Information supplied:
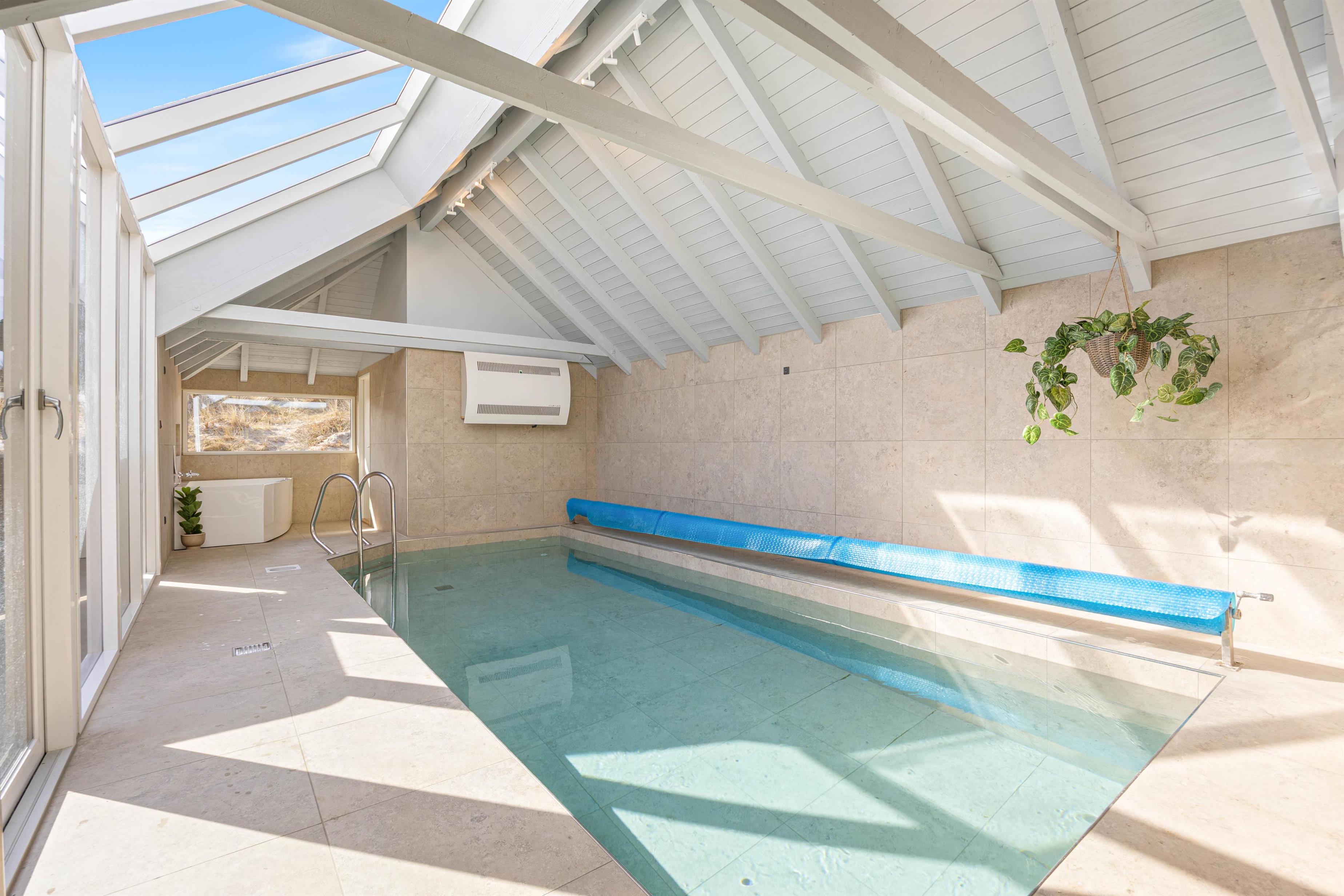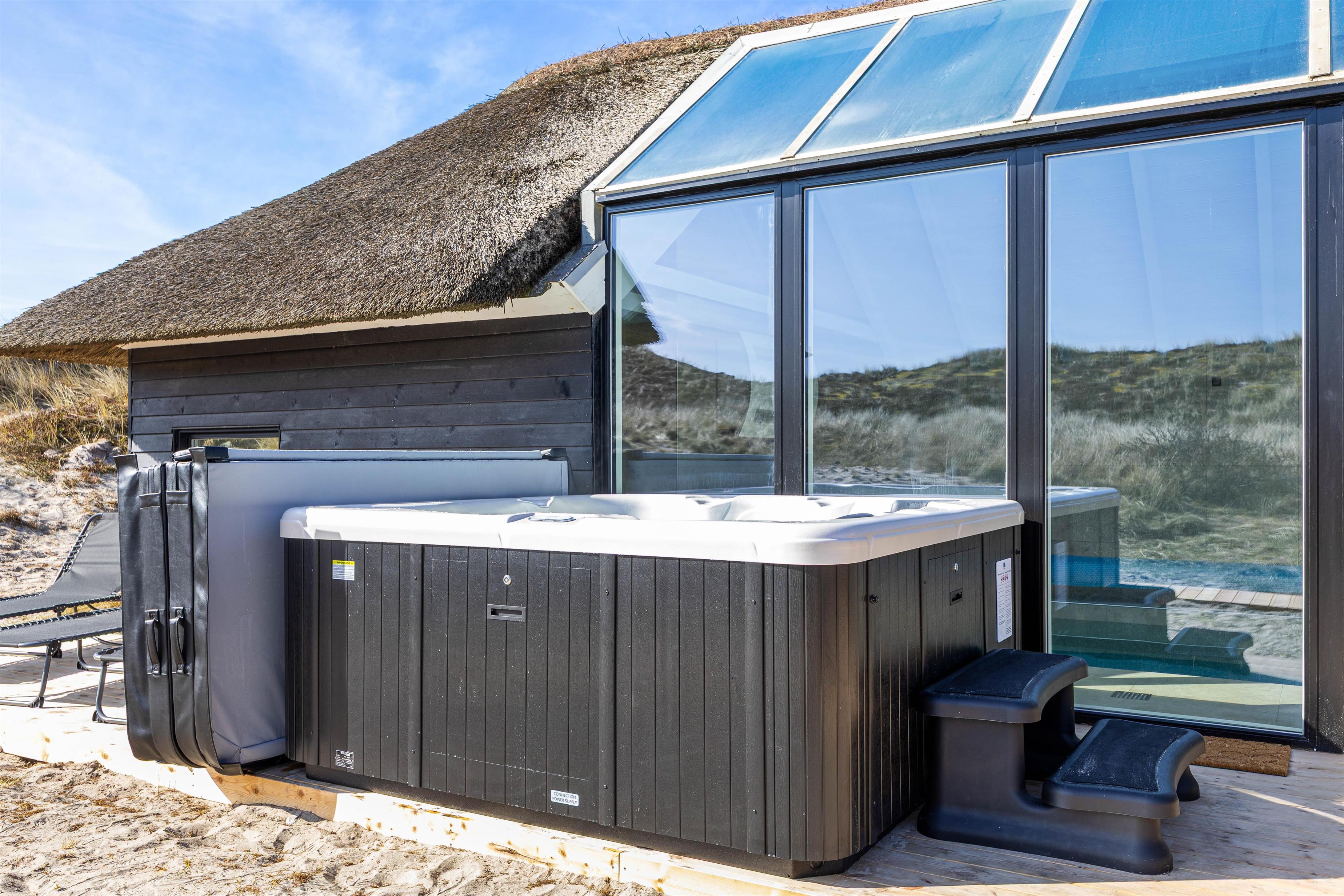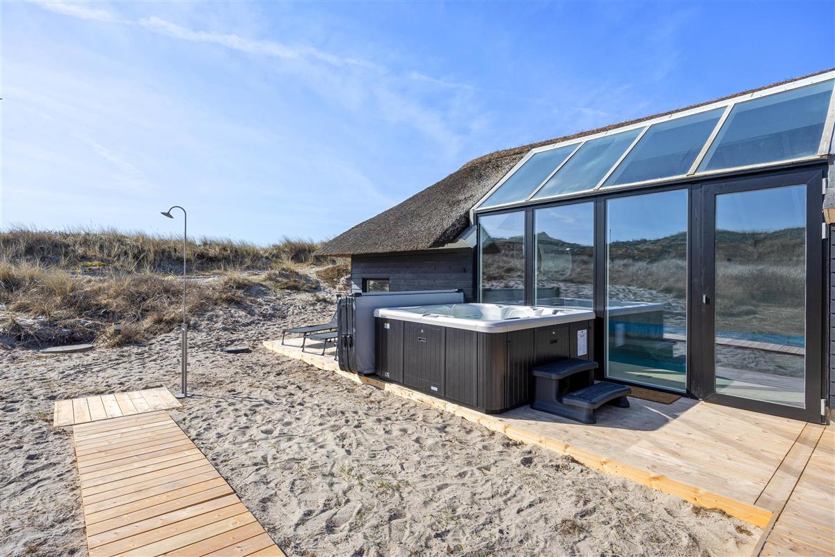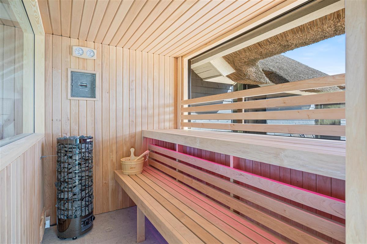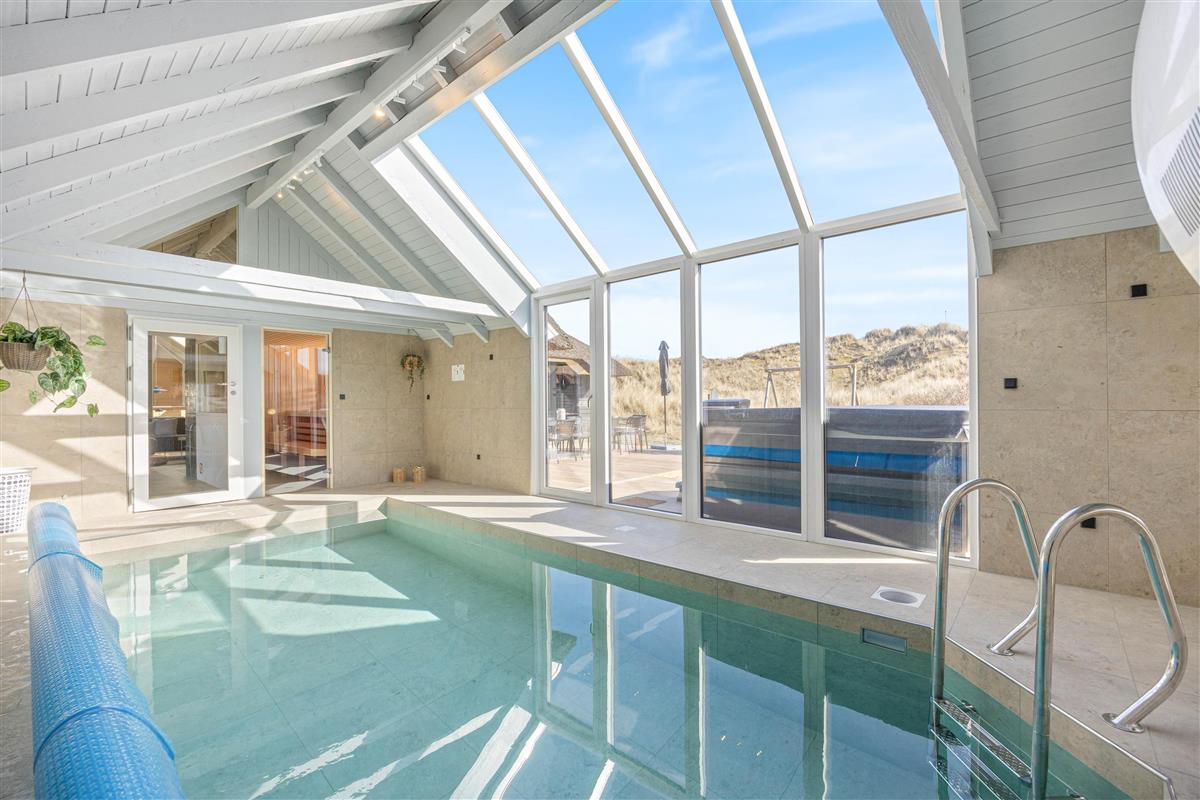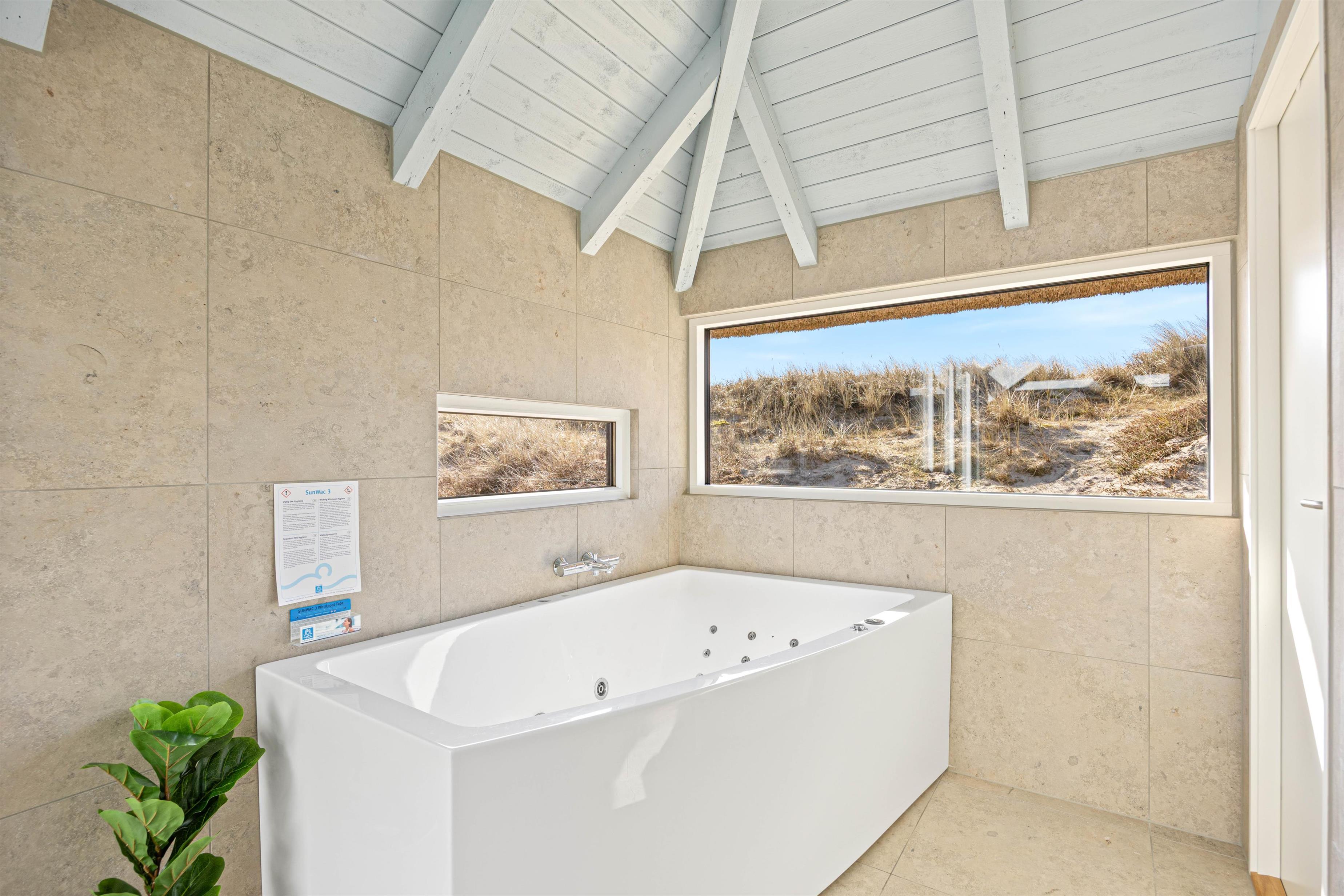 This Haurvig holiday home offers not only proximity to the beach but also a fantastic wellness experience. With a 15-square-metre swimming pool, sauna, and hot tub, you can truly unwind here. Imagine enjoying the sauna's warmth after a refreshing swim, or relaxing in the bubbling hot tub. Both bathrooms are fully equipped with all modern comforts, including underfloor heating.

---

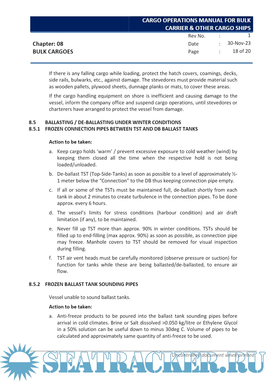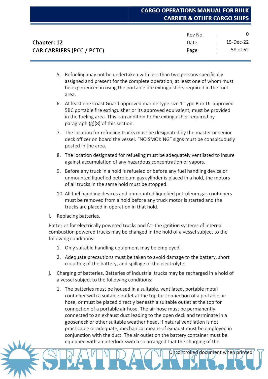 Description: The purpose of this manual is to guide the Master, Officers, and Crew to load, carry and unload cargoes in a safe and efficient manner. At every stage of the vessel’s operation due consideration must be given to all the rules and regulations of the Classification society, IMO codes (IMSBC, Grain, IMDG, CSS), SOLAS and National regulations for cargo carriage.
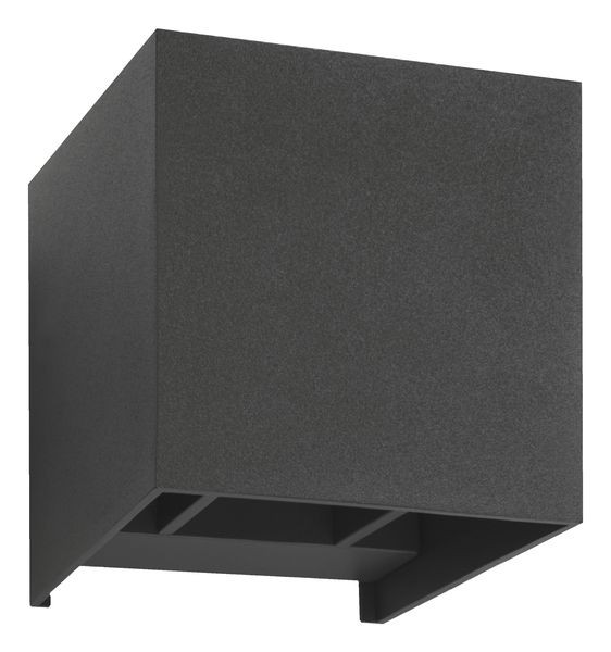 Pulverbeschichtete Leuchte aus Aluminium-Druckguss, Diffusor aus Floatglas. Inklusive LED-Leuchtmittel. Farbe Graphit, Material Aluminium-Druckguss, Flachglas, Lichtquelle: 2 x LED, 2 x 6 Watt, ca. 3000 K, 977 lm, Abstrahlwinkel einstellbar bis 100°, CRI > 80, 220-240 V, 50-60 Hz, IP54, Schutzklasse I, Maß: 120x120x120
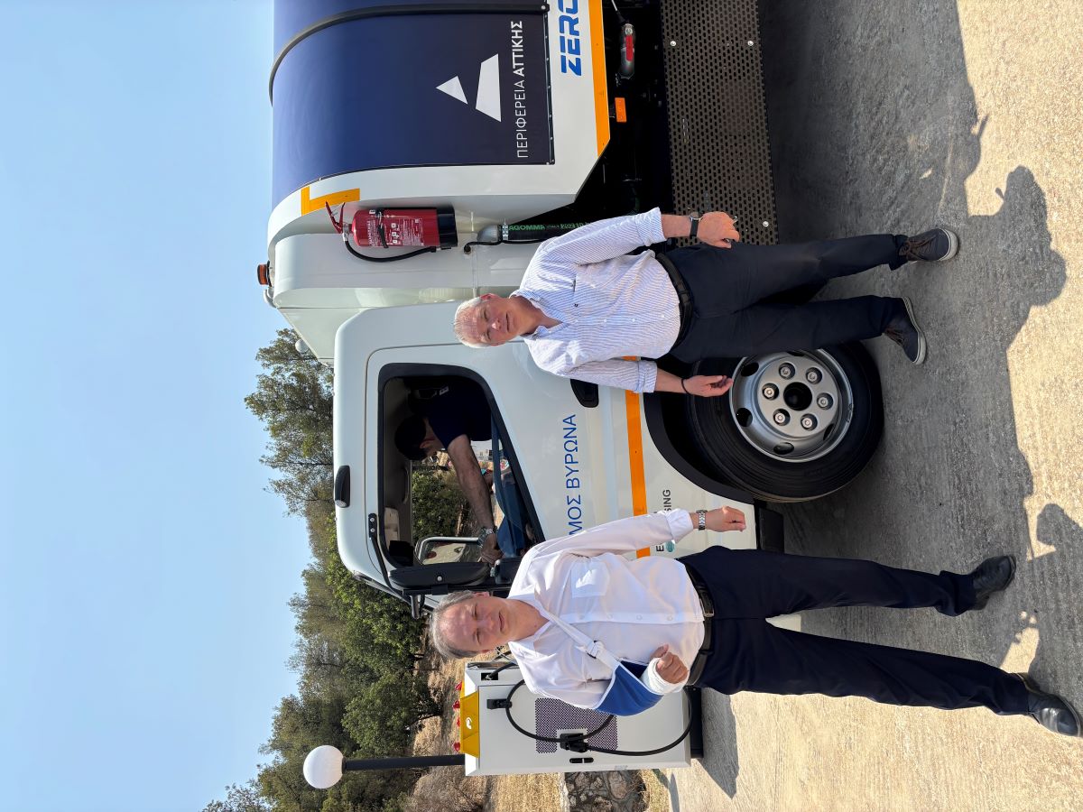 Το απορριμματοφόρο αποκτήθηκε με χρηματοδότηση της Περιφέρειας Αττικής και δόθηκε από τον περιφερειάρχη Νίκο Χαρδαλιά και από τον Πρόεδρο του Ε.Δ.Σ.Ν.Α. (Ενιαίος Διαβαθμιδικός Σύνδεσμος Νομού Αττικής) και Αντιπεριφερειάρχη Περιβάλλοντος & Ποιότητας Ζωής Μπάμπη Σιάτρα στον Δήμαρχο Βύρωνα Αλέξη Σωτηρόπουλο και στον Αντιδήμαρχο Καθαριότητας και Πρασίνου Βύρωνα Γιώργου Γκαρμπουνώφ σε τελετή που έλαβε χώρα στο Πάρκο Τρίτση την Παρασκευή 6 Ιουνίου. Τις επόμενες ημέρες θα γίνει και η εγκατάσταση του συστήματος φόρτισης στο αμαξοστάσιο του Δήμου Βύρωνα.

---

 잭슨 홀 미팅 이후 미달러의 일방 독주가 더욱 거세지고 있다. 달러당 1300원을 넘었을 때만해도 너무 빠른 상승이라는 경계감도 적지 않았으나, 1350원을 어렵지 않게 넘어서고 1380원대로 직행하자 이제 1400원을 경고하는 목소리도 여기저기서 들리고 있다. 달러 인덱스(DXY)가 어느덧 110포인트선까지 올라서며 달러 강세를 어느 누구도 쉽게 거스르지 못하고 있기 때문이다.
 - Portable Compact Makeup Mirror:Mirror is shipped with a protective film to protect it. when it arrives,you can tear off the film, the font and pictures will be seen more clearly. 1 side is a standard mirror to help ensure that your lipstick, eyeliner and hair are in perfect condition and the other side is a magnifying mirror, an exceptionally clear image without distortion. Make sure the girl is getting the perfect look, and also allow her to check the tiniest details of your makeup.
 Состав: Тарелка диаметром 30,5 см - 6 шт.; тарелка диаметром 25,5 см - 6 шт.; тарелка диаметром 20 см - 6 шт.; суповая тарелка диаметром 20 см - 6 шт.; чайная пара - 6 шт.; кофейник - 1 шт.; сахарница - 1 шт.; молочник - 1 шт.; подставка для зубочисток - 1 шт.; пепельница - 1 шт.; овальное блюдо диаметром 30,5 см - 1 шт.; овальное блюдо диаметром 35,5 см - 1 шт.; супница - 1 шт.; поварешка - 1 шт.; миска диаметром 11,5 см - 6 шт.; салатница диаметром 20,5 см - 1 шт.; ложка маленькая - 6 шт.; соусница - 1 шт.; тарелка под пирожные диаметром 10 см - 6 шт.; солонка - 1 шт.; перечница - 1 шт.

What is expected: Proceeding from the line containing "- Portable Compact" through the line containing "Состав: Тарелка диаметром", transcribe the lines above exactly, both end lines included.

Expected output:
 - Portable Compact Makeup Mirror:Mirror is shipped with a protective film to protect it. when it arrives,you can tear off the film, the font and pictures will be seen more clearly. 1 side is a standard mirror to help ensure that your lipstick, eyeliner and hair are in perfect condition and the other side is a magnifying mirror, an exceptionally clear image without distortion. Make sure the girl is getting the perfect look, and also allow her to check the tiniest details of your makeup.
 Состав: Тарелка диаметром 30,5 см - 6 шт.; тарелка диаметром 25,5 см - 6 шт.; тарелка диаметром 20 см - 6 шт.; суповая тарелка диаметром 20 см - 6 шт.; чайная пара - 6 шт.; кофейник - 1 шт.; сахарница - 1 шт.; молочник - 1 шт.; подставка для зубочисток - 1 шт.; пепельница - 1 шт.; овальное блюдо диаметром 30,5 см - 1 шт.; овальное блюдо диаметром 35,5 см - 1 шт.; супница - 1 шт.; поварешка - 1 шт.; миска диаметром 11,5 см - 6 шт.; салатница диаметром 20,5 см - 1 шт.; ложка маленькая - 6 шт.; соусница - 1 шт.; тарелка под пирожные диаметром 10 см - 6 шт.; солонка - 1 шт.; перечница - 1 шт.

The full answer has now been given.